Now the function toSplineData can be used in the following ways:

{ctrlpts, m, knots} = toSplineData[points, 5, MachinePrecision];

plot = ParametricPlot[
  BSplineFunction[ctrlpts, SplineDegree -> m, SplineKnots -> knots][t] // Evaluate, {t, 0, 1}, 
  Axes -> None, Frame -> True, ImageSize -> Medium,
  Epilog -> {Directive[Green, AbsolutePointSize[6]], Point[points]}]

Graphics[{{Blue, Thick, 
           BSplineCurve[ctrlpts, SplineDegree -> m, SplineKnots -> knots]}}, Options@plot]

Please note that this function does not have all the flexibility of J.M.'s original code.

Answer 5

An alternative way to force Interpolation to construct a differentiable interpolation is to specify derivatives at the interior points.

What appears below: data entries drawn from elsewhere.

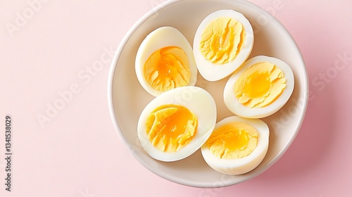Healthy breakfast ideas boiled eggs with creamy egg yolk nutrient-rich start in a minimalist kitchen environment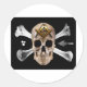 Pegatina Redonda Plaza de brújula de cráneo masónico y huesos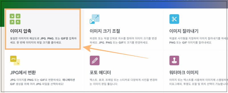 이곳에서는 여러 가지 이미지 관련 서비스를 제공하고 있는데요. 이미지 파일에 대한 압축, 크기 조절, 잘라내기, JPG에서 변환, 포토 에디터, 워터마크 넣기 등 다양해요. 여기에서 용량 줄이기를 하고 싶다면 "이미지 압축" 기능을 선택하면 돼요. 한 번에 파일 크기를 많이 줄일 수 있어요.

To get a good curvature, I used 70% of the vector (difference) between the points adjacent to a given point.

xyfn = Interpolation @ Thread @
    {List /@ Range @ Length @ points,
     points,
     Join[{Automatic}, 0.7 Differences[points, 1, 2], {Automatic}]};

ParametricPlot[xyfn[t], {t, 1, Length @ points}, 
 Epilog -> {PointSize[Medium], 
   Point[points, VertexColors -> Hue /@ Rescale @ Range @ Length @ points]}]